This article was provided by the Ontario Mining Association (OMA), an organization that was established in 1920 to represent the mining industry of the province.
Ontario Minister of Labour Yasir Naqvi has announced the launch of a comprehensive mining safety review to further improve the health and well-being of mineral industry employees. Starting in 2014, Chief Prevention Officer George Gritziotis will lead an advisory panel of industry, labour and health and safety representatives to engage in a collaborative evidence-based review.
“This collaborative safety review follows up on recommendations from the Dean expert panel,” said Ontario Mining Association President Chris Hodgson. “Mining is one of the safest industries in the province and it has demonstrated steady and significant improvement in its safety performance for decades. This review can help sustain that improvement and move the industry closer to its goal of zero harm while helping to prepare for future growth and innovations.”

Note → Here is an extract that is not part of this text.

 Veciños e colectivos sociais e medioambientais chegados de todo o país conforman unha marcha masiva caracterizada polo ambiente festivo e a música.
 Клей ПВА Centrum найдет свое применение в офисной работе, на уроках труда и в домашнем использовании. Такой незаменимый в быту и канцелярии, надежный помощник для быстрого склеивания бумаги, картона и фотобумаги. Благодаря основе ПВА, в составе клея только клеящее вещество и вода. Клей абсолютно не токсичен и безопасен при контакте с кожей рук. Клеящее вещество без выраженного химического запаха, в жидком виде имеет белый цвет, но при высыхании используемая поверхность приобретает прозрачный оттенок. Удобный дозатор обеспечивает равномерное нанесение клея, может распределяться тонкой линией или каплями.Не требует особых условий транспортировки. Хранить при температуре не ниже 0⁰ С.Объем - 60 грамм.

“Improving mine safety and making sure our miners go home to their families at the end of their shift is what this mining review is all about,” said Mr. Naqvi. “I know that all of our partners share this goal and recognize that it is time for a thorough, evidence-based review of mining safety across the province that will get meaningful results for miners and their families.”
“Ensuring the safety of Ontario’s 27,000 mine workers is certainly one of my top priorities,” said Ontario Minister of Northern Development and Mines Michael Gravelle. “I applaud the strong effort that our government has made to ensure that one of Ontario’s safest industries remains that way.”
Specific areas being reviewed by the panel will include exploring technological advances such as new bolting and reinforcement techniques to prevent rock bursts; assessing current health and safety regulations and enforcement mechanisms to compare their effectiveness with regulations in other jurisdictions; and examining the education and training of employers, supervisors, and workers on injury prevention to identify skills shortages and gaps in qualified health- and safety-related expertise.
Other subjects to be addressed include ensuring appropriate ground stability and water management practices are in place and examining the use of warning systems and barricades. Ontario’s mining industry is one of the safest mining jurisdictions in the world. The sector’s safety performance outpaces many other sectors.
Since the Royal Commission Reports of Ham in 1976 and Burkett in 1981, Ontario’s mining sector has increased its focus on ensuring workers receive the best training available. According to an economic study by the University of Toronto – Mining: Dynamic and Dependable for Ontario’s Future – the mining industry in this province invests $1,800 per employee annually in training and health and safety initiatives.
Overall, employees in the Ontario mining industry are safe, highly skilled, highly paid and highly productive. While the safety performance of Ontario’s mining industry day-in and day-out is certainly worthy of recognition, no one in the industry would consider it good enough until it reaches zero harm. Collective efforts on many fronts involving employers, workers, unions, safety agencies, such as Workplace Safety North and the Prevention Council, and government are being taken to reach that goal. This safety review is a welcome and additional measure to help the industry collectively achieve that goal.